Der Vertrag zwischen EU, Israel und Ägypten sieht vor, dass Israel Gas über eine bestehende Pipeline nach Ägypten pumpt. Dort wird es durch alte, aber funktionierende Anlagen verflüssigt, auf Spezialschiffe verladen und übers Mittelmeer nach Italien transportiert. Italien hat im Gegensatz zu Deutschland Häfen, die verflüssigtes Gas wieder gasifizieren und in das europäische Netz einspeisen. Das ist kompliziert und teuer. Der Endverbraucher wird es auf seiner Stromrechnung zu spüren bekommen, und die Industrie gibt ihren erhöhten Energiepreis sicherlich ebenfalls an den Kunden weiter.

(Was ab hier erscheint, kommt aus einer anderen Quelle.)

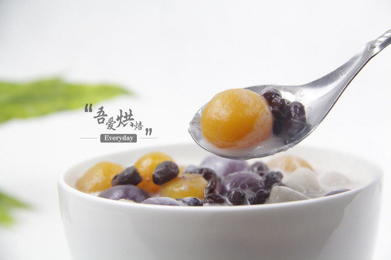 8:里装上芋圆,再加入调好的椰浆粉,表面放上蜜豆即可
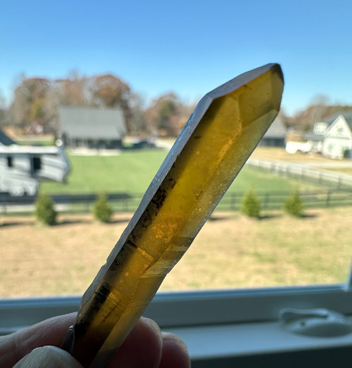 This highly translucent, 43.55 carat, 2.5" long Congo Citrine Diamond Window Pane Wand represents a unique mineralogical find, a true collector's item.
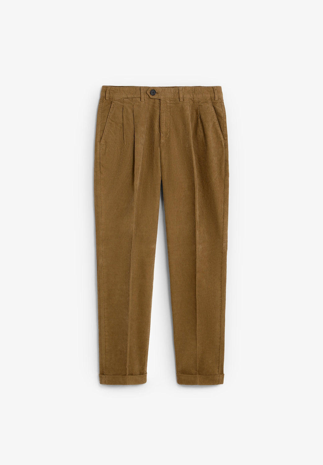 Chino trousers made from corduroy. Loose Fit cut with darts. Concealed zip fastening with an extended button at the waist. Side and back pockets.
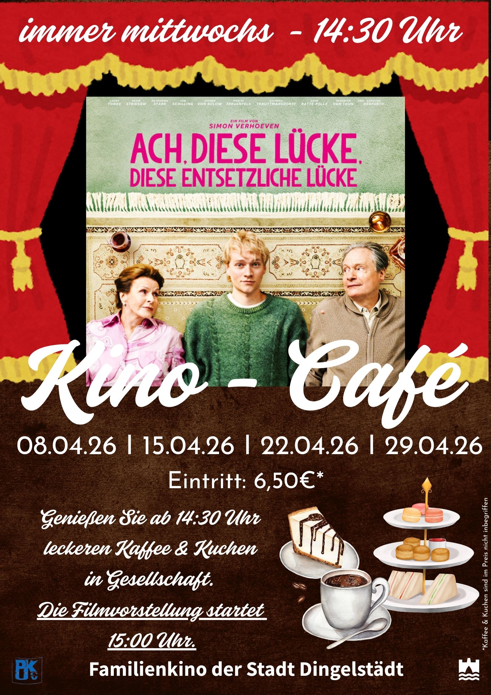 » Veranstaltung » Kino-Café – “Ach diese Lücke, diese entsetzliche Lücke” Kino-Café – “Ach diese Lücke, diese entsetzliche Lücke” Datum/Zeit Date(s) - 8. April 202614:30 - 17:30 Veranstaltungsort Bürgerhaus Dingelstädt Kategorien Stadt Dingelstädt
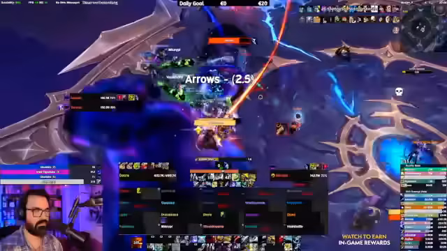 00:00:02Der Stream beginnt mit enthusiastischen Begrüßungen und der Ankündigung, dass der Mythic-Progress mit dem Hunter für Alleria heute im Fokus steht. Nach der Begrüßung der Zuschauer wird der Fokus auf die Vorbereitung für den Dungeon gesetzt. Es wird erklärt, dass der Hunter noch einige Schlüssel für den späteren Raid farmen muss, um das Item-Level zu verbessern, und daher zunächst ein Mythic+ Dungeon absolviert wird. Der Streamer zeigt dabei seinen Charakter, sein Inventar und den aktuellen Fortschritt beim Aufwerten von Gegenständen, um eine bessere Ausrüstung zu erhalten.
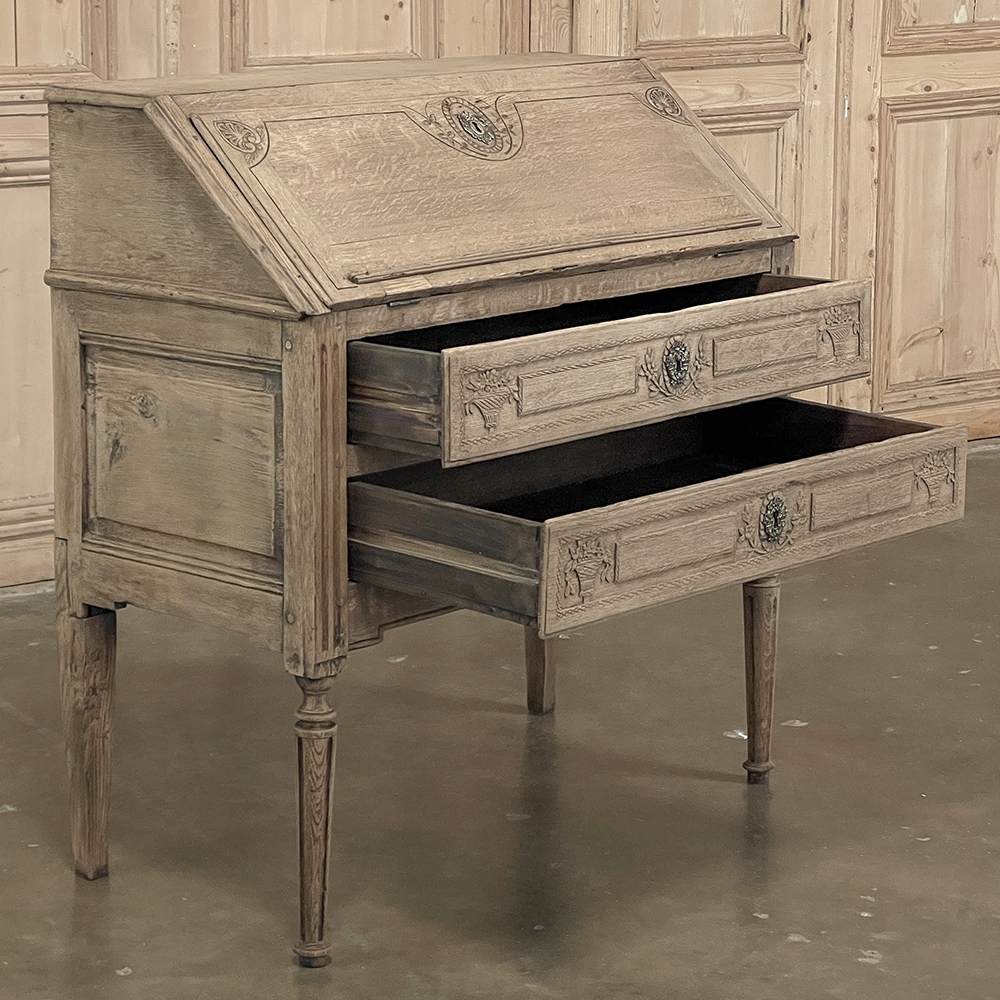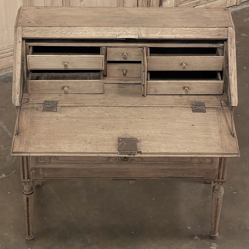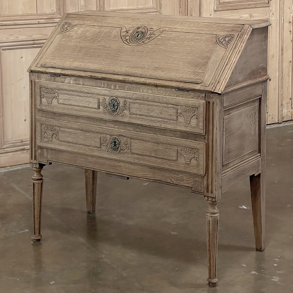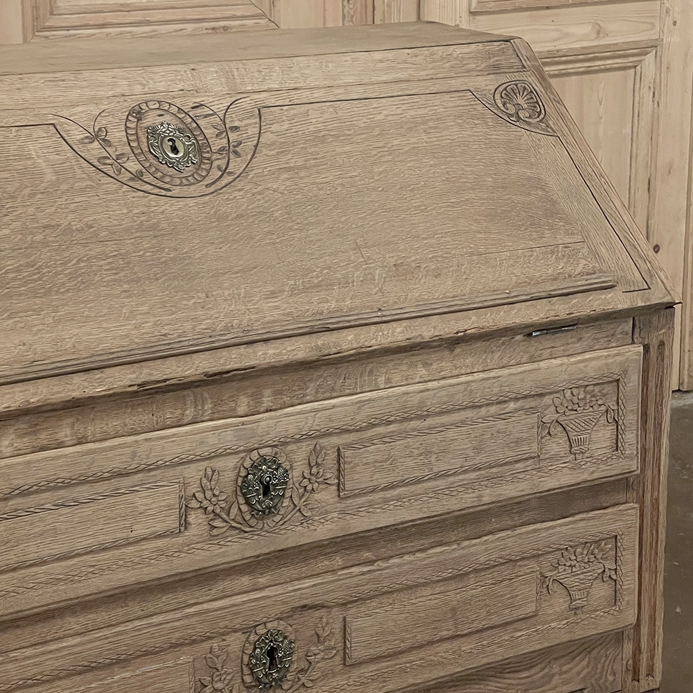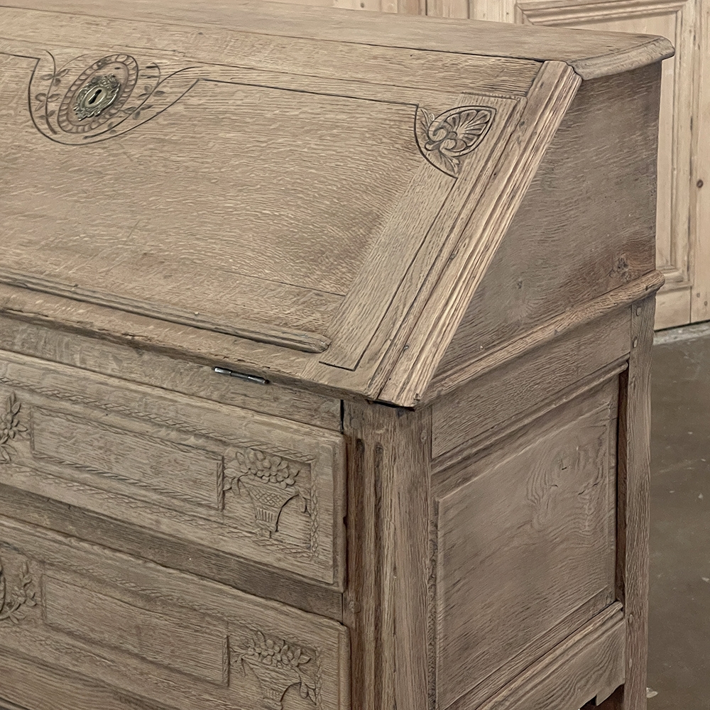 18th Century Country French Louis XVI Secretary represents the essence of efficiency with a flair for style! Hand-crafted from solid oak, its design is less than 18" deep when not in use, minimizing its floor plan foot print. The slant front top section features understated elegance with intaglio carved detailing with emphasis around the intricate cast brass key guard, which had companions on the pair of full-width drawers below. The slant front also has a shallow ledge making this piece useful for holding books or sheet music. Baskets of flowers in relief adorn the drawers below, with wheat bordering, and wildflower sprays surrounding the aforementioned key guards. Drawers open to reveal surprising storage opportunities. Fluting on the corner posts complements the tapered and fluted legs below. Open the slant-front, which is secured by internal hinged brass supports, and one discovers four small storage drawers, and a small cabinet door that opens to reveal two even smaller drawers, with the back side of the slant front becoming a splendid work surface, perfect for tablets or laptops! Thanks to our proprietary non-petrochemical stripping process, the natural beauty and patina of the wood has been revealed for a wonderfully soft visual impact and earth tone.
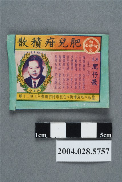 1.本物件為何濟公疳積散。外包裝封面正中央印有1塊板子,上有「何濟公疳積散」字樣,板子兩旁各有裸體幼兒成坐姿,單手扶著板子。另,從上至下的字樣分別有「兒科聖藥」、「去積除蟲」、「健脾開胃」和「內政化驗許可證台衛成字第17號」等。背面印有「肥兒疳積散」、「原名肥仔散」等字樣和主治效能內容,以及中年男子人頭照片像,下方標有「何濟公」字樣。背面底部另印有「香港深水埗海壇街」字樣,此藥品有可能是香港產品或香港發源。

Des einen Leid, des anderen Freud: Kairo und Jerusalem sehen eine goldene Zukunft, weil auch Zypern und Griechenland mit ihren Gasquellen in das Gaslieferungsgeschäft einsteigen wollen, damit die Gasmengen vervielfachen und langfristig garantieren. Auch die Türkei zeigt Interesse, aber die politischen Spannungen der letzten Jahre haben in Nikosia, Athen und Jerusalem Spuren hinterlassen. Man agiert gegenüber Ankara zurückhaltend. Der US-Energie-Gigant „Chevron“ hat sich längst mit Milliarden am östlichen Mittelmeer eingekauft, die griechische „Energean“ hat ebenfalls Anteile in Israel erworben und das erste Gas-Pumpschiff an der israelischen Gasquelle „Karish“ angedockt.

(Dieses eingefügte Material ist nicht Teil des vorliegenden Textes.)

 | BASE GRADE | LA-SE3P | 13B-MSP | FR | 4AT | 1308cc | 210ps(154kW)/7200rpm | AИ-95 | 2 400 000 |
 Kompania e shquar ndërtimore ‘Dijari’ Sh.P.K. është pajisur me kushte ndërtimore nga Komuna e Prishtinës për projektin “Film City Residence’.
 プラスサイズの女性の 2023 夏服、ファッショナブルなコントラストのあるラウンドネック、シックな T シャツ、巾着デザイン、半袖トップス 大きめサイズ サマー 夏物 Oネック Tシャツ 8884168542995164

Die Stimmung bei der Vertragsunterzeichnung in Kairo war entsprechend gut und voller Hoffnung. Die Beteiligten sprechen von Zeitenwende und einem historischen Ereignis. Zum ersten Mal wird Israel seit seiner Gründung Energie nach Europa liefern. Ein Land, das Jahrzehnte zu 100 Prozent vom Energieimport abhängig war. Die neue Entwicklung wird jährlich mindestens 290 Millionen US-Dollar in die Staatskasse spülen, hat das Energieministerium in Jerusalem errechnet. Tendenz steigend, denn der Gaspreis zeigt nur noch steil nach oben. Politisch noch bedeutender: Es schweißt die einstigen Feinde – Araber und Israeli – wirtschaftlich zusammen.

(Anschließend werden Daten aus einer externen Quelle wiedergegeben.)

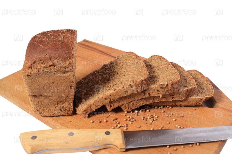 Ржаной хлеб нарезаный, нож на разделочной деревяной доске
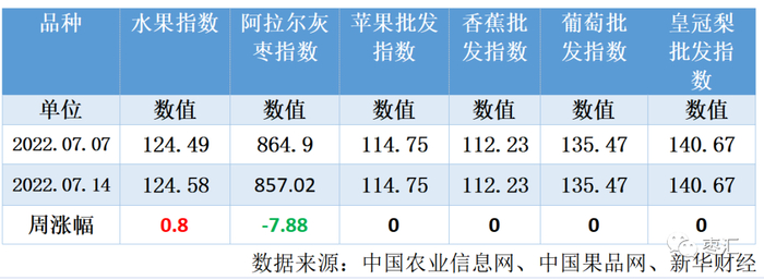 水果指数较上周相比微幅上调;灰枣指数较上周下跌;香蕉批发指数较上周持平;苹果批发指数本周较上周持平;葡萄批发指数较上周持平;皇冠梨批发指数较上周持平。
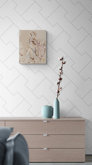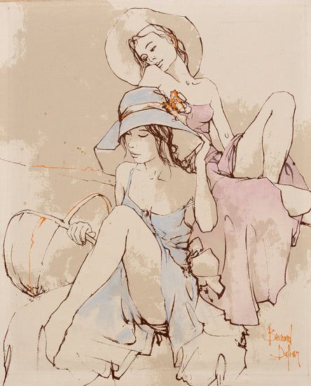 This artwork acrylic print on canvas captures a peaceful summer moment with two young women relaxing in the warmth of the sun. Both figures are dressed in light, flowing dresses and wide-brimmed hats, evoking a sense of timeless elegance and tranquility. The artist's use of delicate lines and soft pastel hues enhances the gentle and serene atmosphere of the scene.
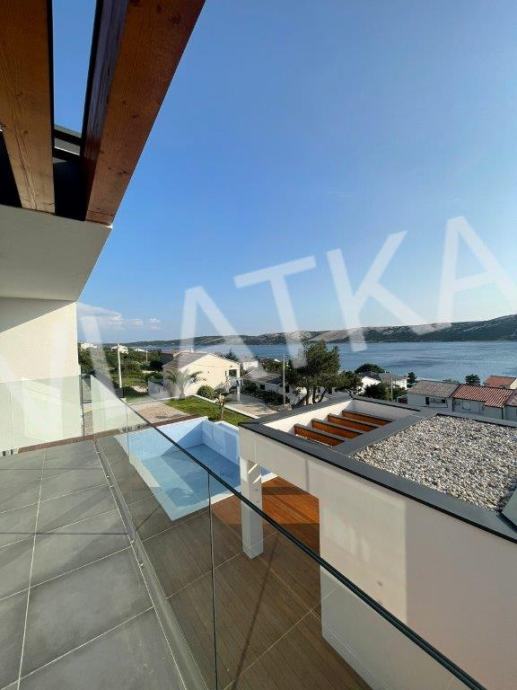 Prodaje se moderna luksuzna vila samo 140 m udaljena od mora, s predivnim pogledom na more, na odličnoj lokaciji u Staroj Novalji.
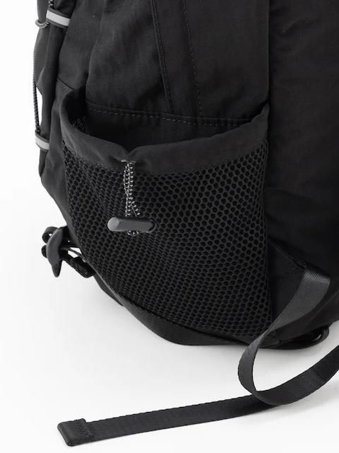サイドにはメッシュポケットを配置し、ペットボトルや小物の収納にも便利。
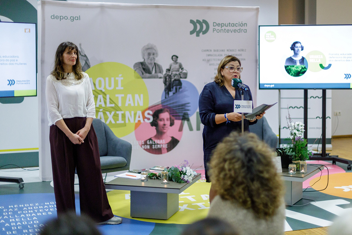 A Sede de Vigo da Deputación de Pontevedra acolleu hoxe un novo faladoiro do programa provincial Aquí faltan páxinas. Neste caso, a protagonista foi a pianista, educadora, defensora da paz e dos dereitos das mulleres Urania Mella unha muller “exemplar, adiantada ao seu tempo, defensora dos dereitos das mulleres e da paz e cun gran compromiso político, social e educativo”, como a definiu a deputada de Igualdade, Sandra Bastos, durante o acto. O faladoiro correu a cargo de Iria Presa, filóloga, investigadora e promotora cultural, estudosa tanto da vida de Urania Mella como do seu pai, Ricardo Mella, que estivo presente desde México, onde reside. Ademais, durante o acto a artista Silvia Penas levou a cabo unha performance histórico-poética.
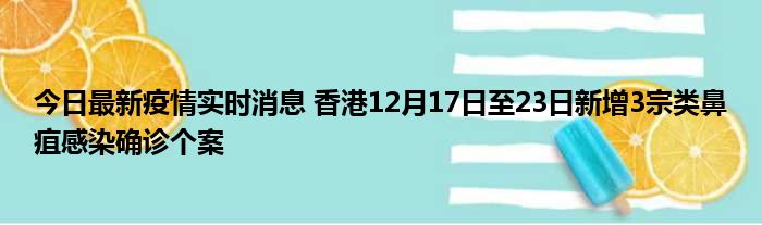 今日最新疫情实时消息 香港12月17日至23日新增3宗类鼻疽感染确诊个案

EU-Präsidentin Ursula von der Leyen lobte das Abkommen in den höchsten Tönen, denn sie schlägt mehrere Fliegen mit einer Klappe. Die Abhängigkeit von Russland wird zusehends verringert, die EU erhält ein neues Standbein im Nahen Osten und gemeinsam marschieren alle Beteiligten in Richtung „Zero-Emission“, das anspruchsvolle Umweltziel bis 2050.
Ganz ohne politische Schatten verlief die Unterzeichnung in Kairo nicht. Der Libanon mit seinen verschiedenen Machthabern, allen voran die Terror-Organisation Hezbollah, droht mit Angriffen auf die Gasquelle „Karish“, die draußen im Meer an libanesische Gewässer angrenzt. Neue Satellitenbilder beweisen eindeutig, dass die Gasquellen zu Israel gehören. Die Israel Defence Forces (IDF) haben längst Spezialeinheiten aufgestellt, die den neuen Reichtum Israels bewachen. Im Juni haben bereits gemeinsame Übungen mit Zypern stattgefunden, die einen möglichen Angriff vom Norden her abwehren sollen.
Israel steht in diesem Kampf nicht mehr wie in der Vergangenheit allein. EU, Ägypten, Jordanien, Zypern und Griechenland sowie die Unterzeichner der Abraham-Accords wie Vereinigte Arabischen Emirate und Bahrein haben verstärktes Interesse an dem Energie-Milliarden-Geschäft. Das Palästina-Problem rückt zusehends in den Hintergrund.